When stratified by regions and municipalities, we observed significant heterogeneity in the number of mammograms performed and the consequent coverage, with the south and southeast areas of the country being the regions with higher coverage and EBC detection rates. Additionally, we found a significant association between GDP per capita and mammogram coverage. This is an interesting observation and may reflect the higher socioeconomic and educational status of these regions, as well as the inequalities and distance to access health care services across Brazilian states and municipalities [9,27,32].

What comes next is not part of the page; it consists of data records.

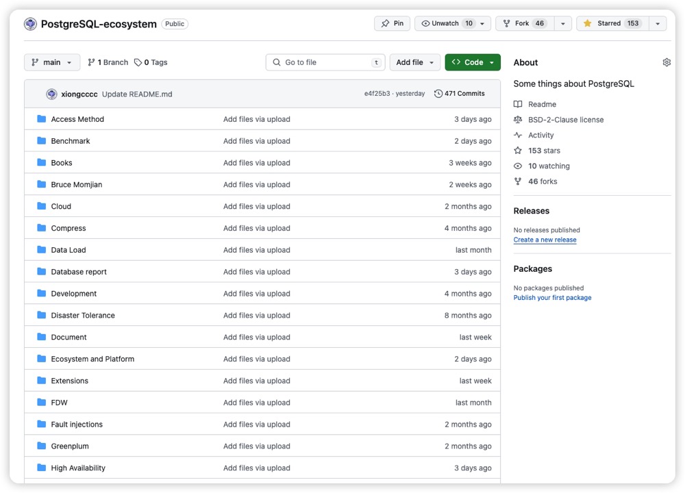 另外我也加大了对 git 的维护,首先是对历史公众号文章进行了分类整理,方便读者阅读与搜索,其次我会将阅读过的优质素材上传至 git 上,目前 ⭐️ 也在稳定增长中,🔗 https://github.com/xiongcccc/PostgreSQL-ecosystem,觉得项目不错的同志就不要吝啬你的 Star 啦。
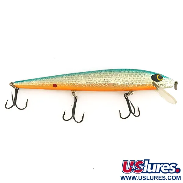 En livlig orange buk kontrasterar skarpt mot de silverfjälliga sidorna på denna Smithwick Suspending Rattlin’ Rogue, listad under produktkod 7496. Kroppen mäter 11,5 cm (4 1/2") och väger 10 g (1/3 oz), toppas av en blågrön rygg och är markerad med en klassisk röd gälfläck. Detta exemplar är i utmärkt skick (5/5), där fjällmönster och finish inte visar några tecken på användning. Designad med en klar sked når den djup på 0,3–2 m vid spinnfiske, eller upp till 3–4 m vid trolling. Tre mörka trekrokar är säkert monterade på undersidan. Den interna rasselkammaren och den neutrala flytkraften (suspending) är tekniska kärnegenskaper hos detta USA-tillverkade bete. Svart-gula ögon placerade nära nosen fullbordar profilen.
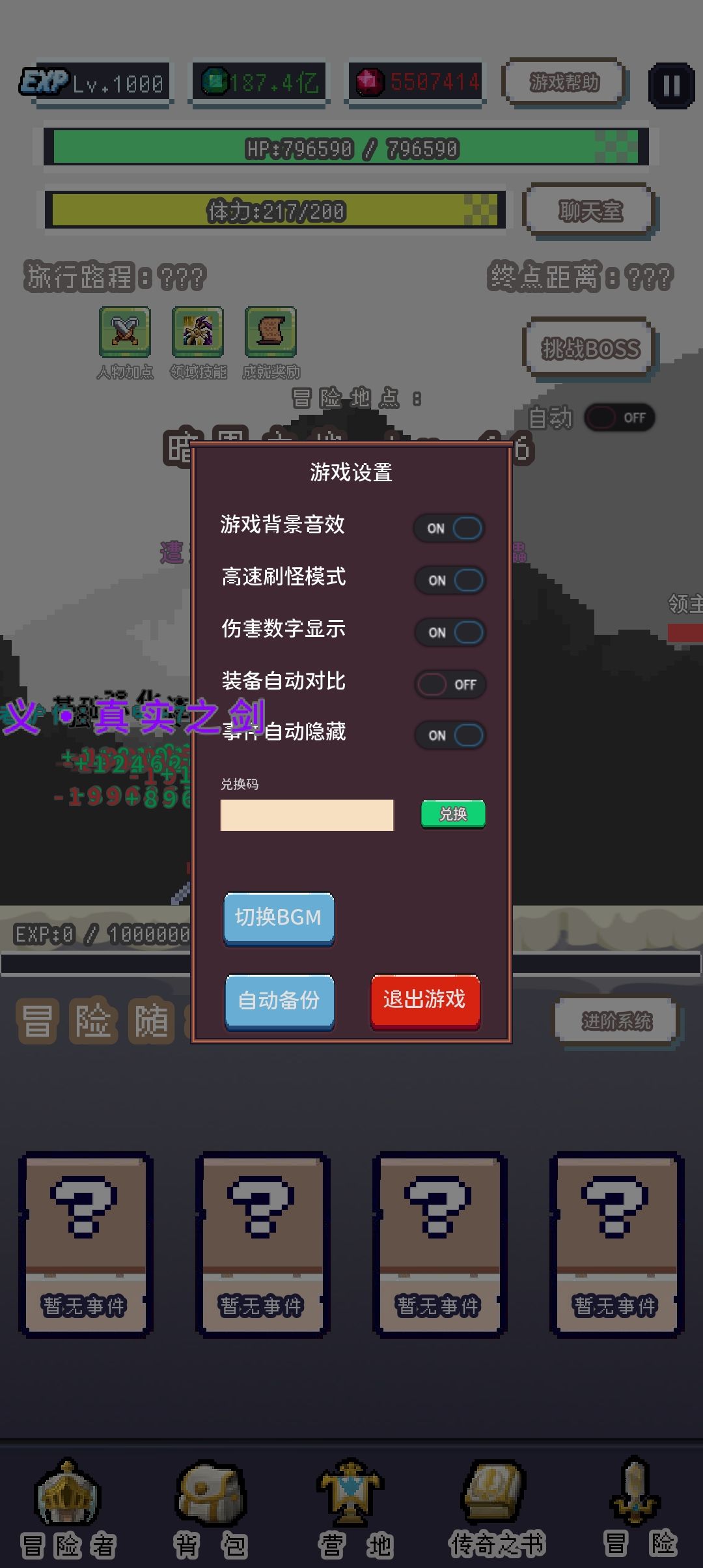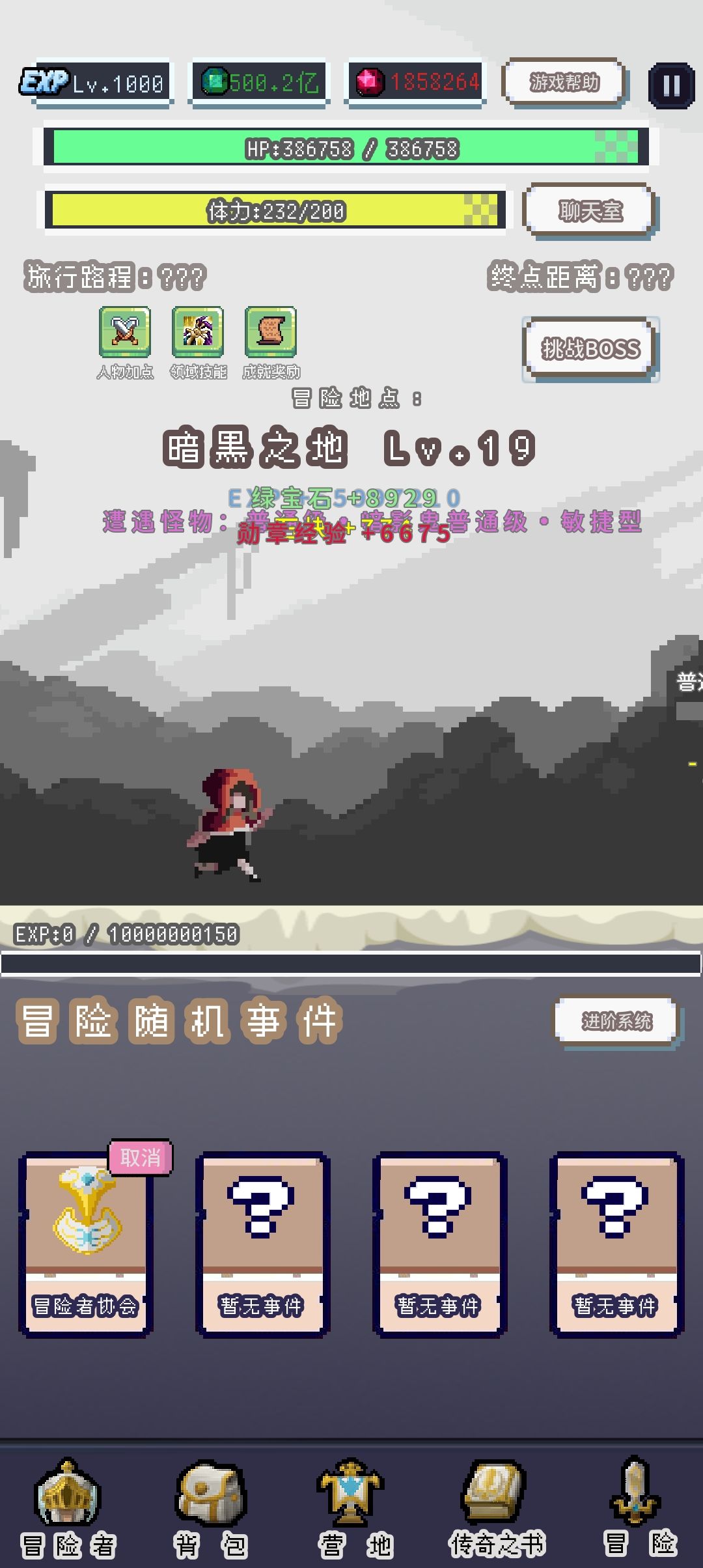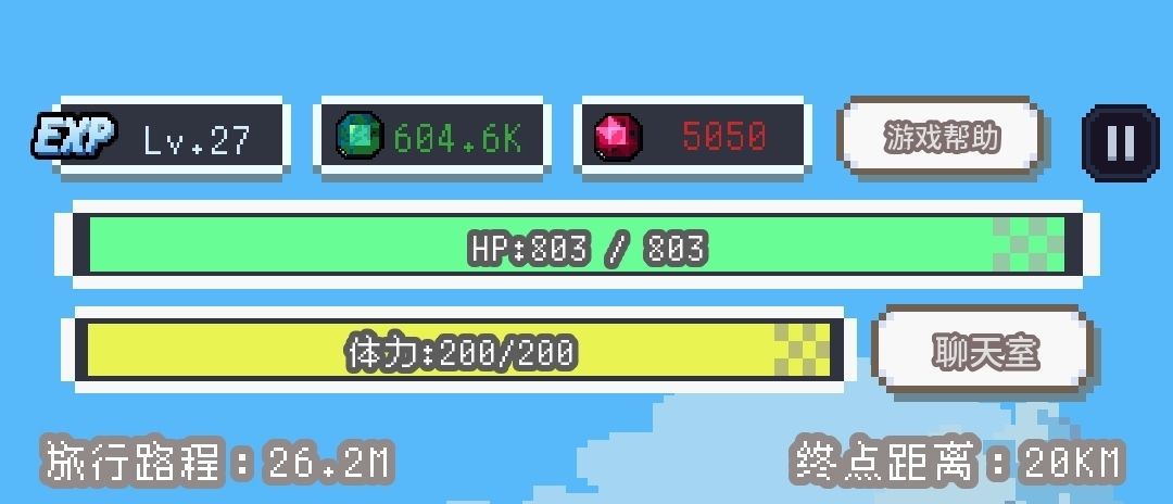 下面显示你已经走了多远和距离你打boss还有多远(提升速度可以走的更快,上限10w)

Additionally, we observed that half of the regions with the lowest population density had the lowest mammogram coverage. This may reflect the lack of providing and maintaining mammographic services in these areas or the difficulty of travelling considerable distances to undergo periodic examinations . Interestingly, the regions with the highest population density did not have the highest coverage rates. While most of the mammographic machines and investments in public health are concentrated in densely populated areas, people living in the suburban periphery of these metropolitan areas are associated with lower socioeconomic status, crowded housing conditions, and unemployment. These factors are predictors of lower mammographic screening coverage rates .
Our study had some limitations. Because the data were obtained from online databases and secondary information, the analysis was restricted to the available information, some of which may have been underreported, such as data from the cancer database registry. A large proportion of the cases registered in the INCA databases do not contain information about the disease stage and had to be excluded to determine the EBC ratio. Additionally, as with any ecological study, our data are based on population aggregates and may not be generalizable to an individual level. However, the current study is a comprehensive analysis that gathered massive amounts of data from the Brazilian population, and we believe that our results, which will become publicly available, are an important source of information that can be accessed by public authorities to influence decision-making policies for breast cancer screening.
As mammographic screening has been described as an effective method for EBC detection and mortality reduction, the present study demonstrated that the coverage of mammographic screening for women under the SUS is far below the WHO recommendations. Additionally, a significant number of mammograms were performed outside the age group recommended by the Ministry of Health, with resources that could have been reallocated to screen the target population. This scenario is an integral part of problematic screening programs in developing countries and contributes to low rates of EBC diagnosis. As a continental country with heterogeneous socioeconomic indicators, we observed an important variation in the number of mammograms performed by age groups in Brazil when separated by states and municipalities. Even adjusting the coverage by the privately insured women, municipalities with higher GDP per capita were associated with higher mammogram coverage. This study provides evidence for decision makers in public health to monitor and act to improve inequalities in the different regions in Brazil.